Your Words: Fast, Slow, Pleasant, Unpleasant?

Psycholinguist Cynthia Whissell of Laurentian University in Sudbury, Ontario said something simple, but profound, that got me thinking about why, in presentations, some words catch the audience’s attention while others fall flat.

“Sounds have meaning.”

The marketing and branding industries understand that people are attracted to certain sounds. If the sounds within a word get your attention or stick in your mind, you are more likely to interact with the product or service.

A decade ago, Sharon Begley wrote in the Wall Street Journal about the process that branding consultants utilized for technology company Research in Motion to name the newest hand-held wireless prototype. When the experts first observed and touched the device, they noted that the little keys felt like seeds. The first name they correlated with the device was “strawberry.” But Stanford University linguist Will Leben, a member of the branding team, objected, noting that “straw-” is a slow syllable, which was the opposite of the zippy connotation Research In Motion wanted.

But “-berry” was good; research had shown that people associate the b sound with reliability, while the short e evokes speed. Another syllable with a b and a short vowel would nail it—and within seconds the Lexicon team had its fruit: BlackBerry.
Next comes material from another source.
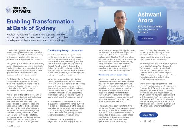 Partnerships like that with Bank of Sydney are crucial in Nucleus’ development. The company constantly updates its platforms – the next 8.5 version of FinnOne Neo ® is due by end of year 2025. It is also exploring new innovations around AI and other technologies to further enhance outcomes.

While you continue building your vocabulary (a lifelong pursuit for communicators), think about the way words feel in your mouth and how some words evoke more attention than others. Psycholinguist Whissell says that the sounds of l, s and v are associated with pleasant feelings; r, p, t, d and k with unpleasant. Other researchers report that sounds coming to a full stop (p, b, t, d) connote slowness, and f, v, s and z connote speed, with z being the fastest.

How can you utilize this information so that your presentation or your conversation creates more interest?